If we are drawing association, software engineering and DataOps share a lot of challenges such as automating manual tasks, code tests, data tests, integration tests, on-demand environment creation, data governance, infrastructure provisioning etc. So, by solving these challenges using software engineering, we can reduce the time spent on operations as well as drastically decrease the development cycle times, which can tremendously improve efficiency, advises Micha Ben Achim Kunze, Lead Data Engineer at Maersk.
“Viewing your data and operations challenges as software engineering challenges will make you orders of magnitude more effective,” emphasises Micha. He will show us how they reliably deliver millions of forecasts per day while sustaining a high change velocity of their products by leveraging software engineering practices in his session at the Data Innovation Summit 2021.
We had a chat with Micha to learn why seeing data and operations challenges as software engineering challenges leads to more effective solutions, the DataOps maturity, current challenges and future trends in DataOps and data engineering.
Hyperight: Hi Micha, I’m really excited to welcome you to the 6th edition of the Data Innovation Summit. As an intro to our discussion, please tell us a bit more about yourself and your background.
Micha Ben Achim Kunze: I am currently the Lead Data Engineer in the Forecasting team of Maersk, the world’s largest ocean container shipping company. My team is responsible for delivering forecasts for Maersk’s service delivery. Operating data products that are used day-to-day on this scale is exciting and requires high-quality data and operational excellence. Hence, I am excited to share some of our learnings at the summit!
For my background: I have started in academia with a BSc degree in Physics and a PhD in Biophysics followed by a PostDoc. I always loved solving problems using computers and spectrometers and I eventually took the step towards industry and became a Data Engineer at Novo Nordisk before I joined Maersk. All in all, I have a broad scientific background, a learning mindset, and a passion for solving data problems.
Hyperight: Your Data Innovation Summit session focuses on the topic DataOps is a Software Engineering Challenge. Could you please tell us why seeing data and operations challenges as software engineering challenges leads to more effective solutions?
Micha Ben Achim Kunze: For me, the essential goal of DataOps is: Deliver the best outcomes with data fast, without breaking things.
Seeing DataOps as a Software Engineering challenge is my take on an analogy to Site Reliability Engineering: SRE approaches operations as a software engineering challenge to make operations highly efficient and scalable. Or more tangibly: If you experience something that does not work properly, is inefficient, or repeatedly needs manual intervention or fixing, you apply software engineering to fix it in an automated way. You purposefully minimize the time you have to spend on operations by applying engineering to operations, which in turn means you can develop more.
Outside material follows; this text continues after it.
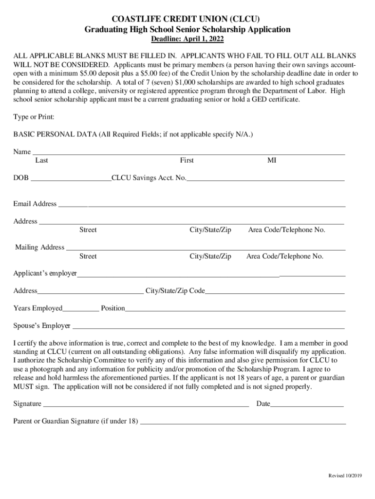 COASTLINE CREDIT UNION (CCU) Graduating from High School Senior Scholarship Application Deadline: April 1, 2022, ALL APPLICABLE BLANKS MUST BE FILLED IN. APPLICANTS WHO Fail TO FILL OUT ALL BLANKS

In essence, it is a continuous improvement of your process and product.
And this is key to what we Data Engineers aim to do with data: we want to reliably (correctly, timely etc.) deliver data products and develop new data products at the same time.
Following this train of thought, we can see a lot of Software Engineering challenges in DataOps: Automate manual tasks, code tests, data tests, integration tests, on-demand environment creation, data governance, infrastructure provisioning etc. And by addressing these challenges using software engineering, we can reduce the time spent on operations as well as drastically decrease the development cycle times, leading to huge efficiency gains.
Hyperight: DataOps is the data management for the AI era. Do you agree with this statement? And why DataOps is the right methodology for every company striving to be AI-driven?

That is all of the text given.